- [TASK DESCRIPTION]:
Wherever pictures appear in the listing below, leave them out, and copy exactly, and only, everything from the line with "Ο Μόντι, ινδουιστής" down to the line with "随后,学习部部长武一帆讲解了".
DATASET RECORDS START
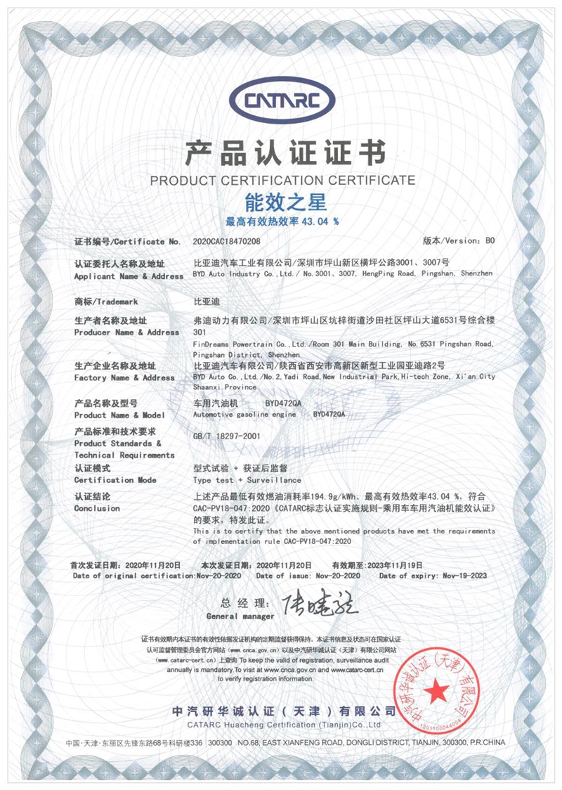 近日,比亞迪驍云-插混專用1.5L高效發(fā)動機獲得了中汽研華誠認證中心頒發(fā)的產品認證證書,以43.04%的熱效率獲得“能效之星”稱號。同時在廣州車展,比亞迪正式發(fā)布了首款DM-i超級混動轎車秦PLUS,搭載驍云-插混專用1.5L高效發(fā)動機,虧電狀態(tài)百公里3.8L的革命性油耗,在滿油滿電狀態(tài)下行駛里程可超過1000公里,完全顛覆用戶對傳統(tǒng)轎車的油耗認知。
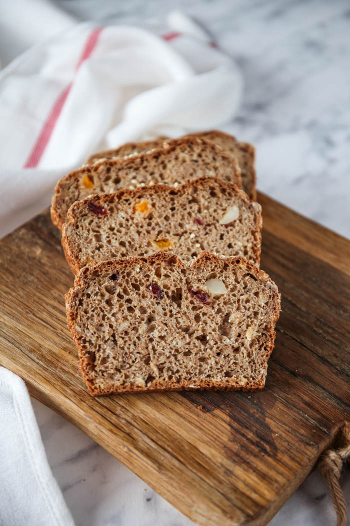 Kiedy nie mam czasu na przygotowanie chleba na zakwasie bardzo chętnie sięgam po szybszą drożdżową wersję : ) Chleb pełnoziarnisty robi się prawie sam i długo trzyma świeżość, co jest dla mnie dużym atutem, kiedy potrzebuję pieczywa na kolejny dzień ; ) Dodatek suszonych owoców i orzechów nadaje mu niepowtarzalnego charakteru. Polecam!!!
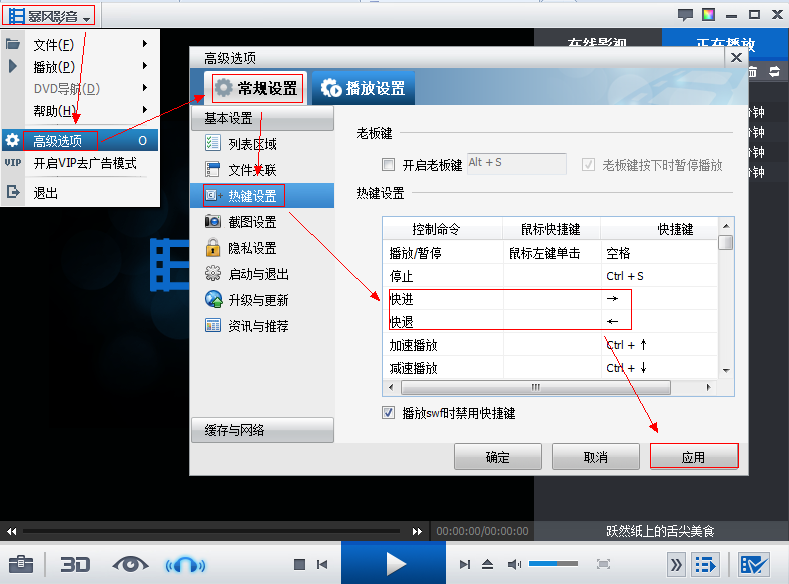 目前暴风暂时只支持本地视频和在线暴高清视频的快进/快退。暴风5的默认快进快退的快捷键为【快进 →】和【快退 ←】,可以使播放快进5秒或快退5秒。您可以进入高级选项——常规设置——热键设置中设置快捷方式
DATASET RECORDS END
DATASET RECORDS START
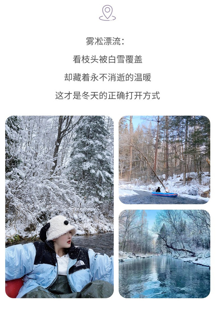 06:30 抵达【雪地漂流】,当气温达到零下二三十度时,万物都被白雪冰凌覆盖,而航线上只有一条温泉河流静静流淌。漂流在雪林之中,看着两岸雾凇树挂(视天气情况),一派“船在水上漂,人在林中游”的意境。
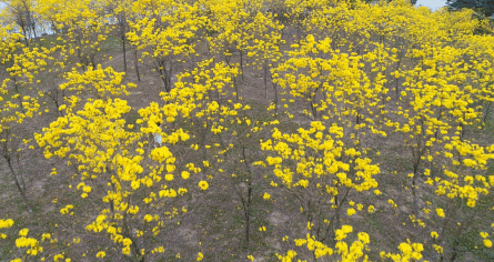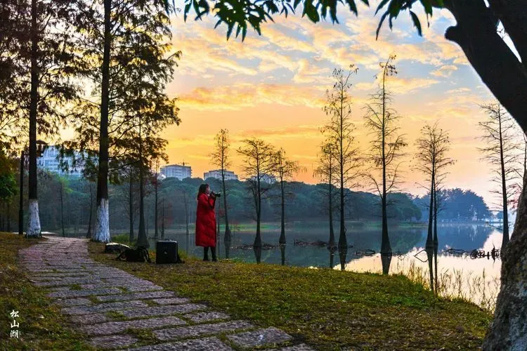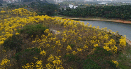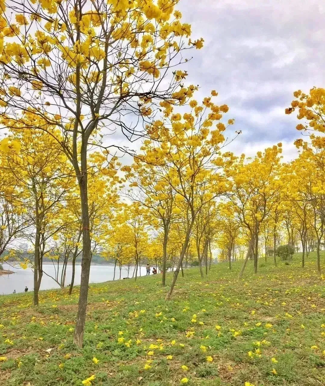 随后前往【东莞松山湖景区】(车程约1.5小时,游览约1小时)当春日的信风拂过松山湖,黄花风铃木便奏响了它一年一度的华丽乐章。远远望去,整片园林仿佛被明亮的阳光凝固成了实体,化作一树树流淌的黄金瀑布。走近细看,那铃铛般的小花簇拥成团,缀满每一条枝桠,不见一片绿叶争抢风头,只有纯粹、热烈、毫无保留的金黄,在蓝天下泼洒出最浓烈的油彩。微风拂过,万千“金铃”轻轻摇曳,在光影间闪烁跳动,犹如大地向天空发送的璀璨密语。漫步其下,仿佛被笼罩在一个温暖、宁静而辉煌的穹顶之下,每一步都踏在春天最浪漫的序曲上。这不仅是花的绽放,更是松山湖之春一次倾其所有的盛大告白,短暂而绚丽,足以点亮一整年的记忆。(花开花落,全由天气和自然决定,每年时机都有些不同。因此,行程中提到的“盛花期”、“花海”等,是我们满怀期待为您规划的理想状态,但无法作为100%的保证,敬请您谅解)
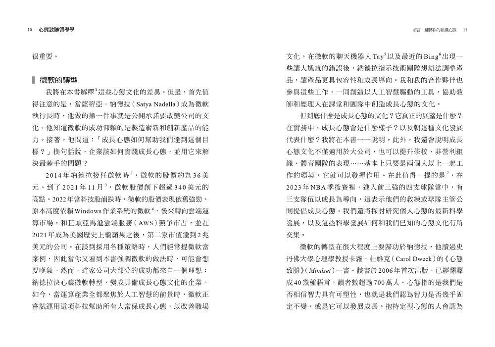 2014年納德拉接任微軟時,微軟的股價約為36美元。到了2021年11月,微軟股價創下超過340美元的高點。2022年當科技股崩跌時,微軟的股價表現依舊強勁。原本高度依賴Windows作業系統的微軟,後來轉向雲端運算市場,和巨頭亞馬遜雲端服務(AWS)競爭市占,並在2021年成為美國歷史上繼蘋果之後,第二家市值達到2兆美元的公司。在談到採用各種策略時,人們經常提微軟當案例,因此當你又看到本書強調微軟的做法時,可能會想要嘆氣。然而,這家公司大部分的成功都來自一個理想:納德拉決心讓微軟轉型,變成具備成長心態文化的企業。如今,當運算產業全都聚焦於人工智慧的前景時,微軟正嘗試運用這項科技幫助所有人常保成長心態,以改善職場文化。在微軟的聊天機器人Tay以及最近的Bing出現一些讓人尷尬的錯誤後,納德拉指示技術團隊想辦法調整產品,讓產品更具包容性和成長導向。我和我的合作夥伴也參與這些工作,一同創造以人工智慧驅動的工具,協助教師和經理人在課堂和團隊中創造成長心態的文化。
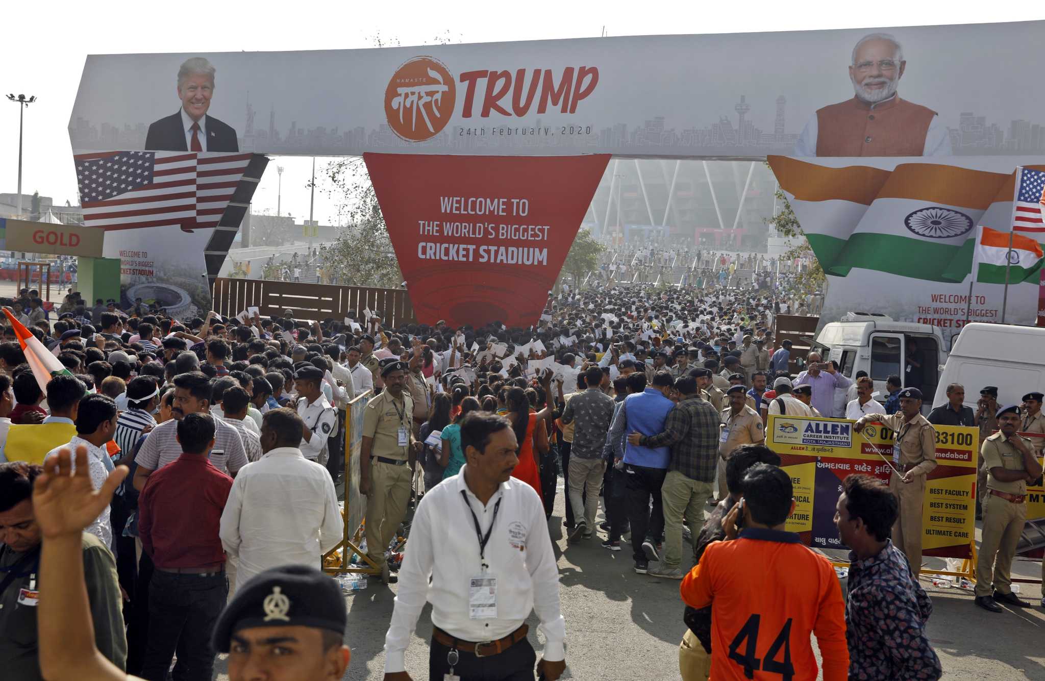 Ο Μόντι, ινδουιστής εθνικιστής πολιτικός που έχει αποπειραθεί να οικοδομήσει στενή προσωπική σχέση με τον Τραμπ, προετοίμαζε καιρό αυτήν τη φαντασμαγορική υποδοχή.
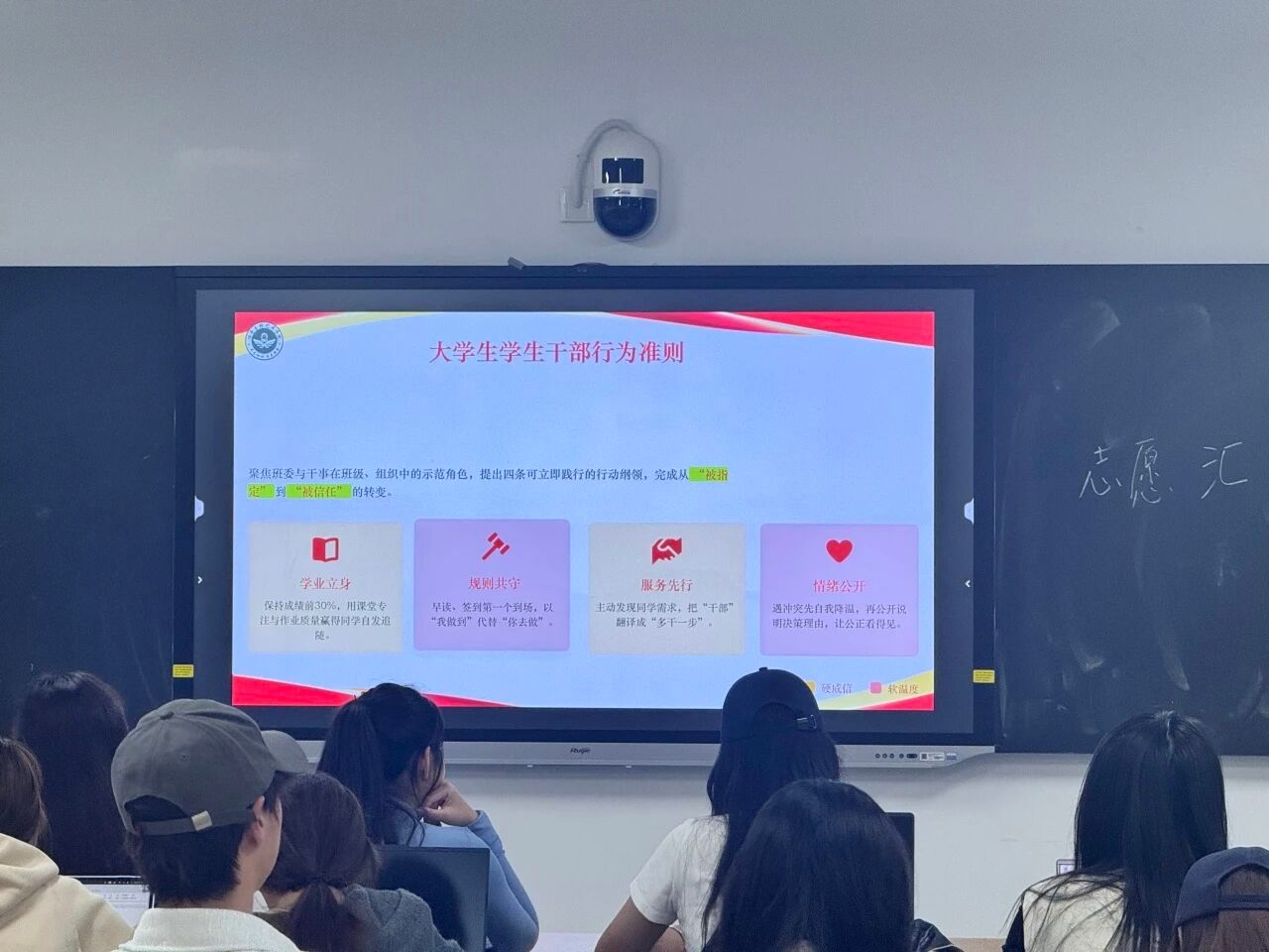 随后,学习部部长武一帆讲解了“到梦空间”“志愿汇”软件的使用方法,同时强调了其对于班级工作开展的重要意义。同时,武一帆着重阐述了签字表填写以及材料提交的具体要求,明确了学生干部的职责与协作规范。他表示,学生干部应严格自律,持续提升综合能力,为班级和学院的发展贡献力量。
DATASET RECORDS END
- [WRITTEN RESPONSE]:
 Ο Μόντι, ινδουιστής εθνικιστής πολιτικός που έχει αποπειραθεί να οικοδομήσει στενή προσωπική σχέση με τον Τραμπ, προετοίμαζε καιρό αυτήν τη φαντασμαγορική υποδοχή.
 随后,学习部部长武一帆讲解了“到梦空间”“志愿汇”软件的使用方法,同时强调了其对于班级工作开展的重要意义。同时,武一帆着重阐述了签字表填写以及材料提交的具体要求,明确了学生干部的职责与协作规范。他表示,学生干部应严格自律,持续提升综合能力,为班级和学院的发展贡献力量。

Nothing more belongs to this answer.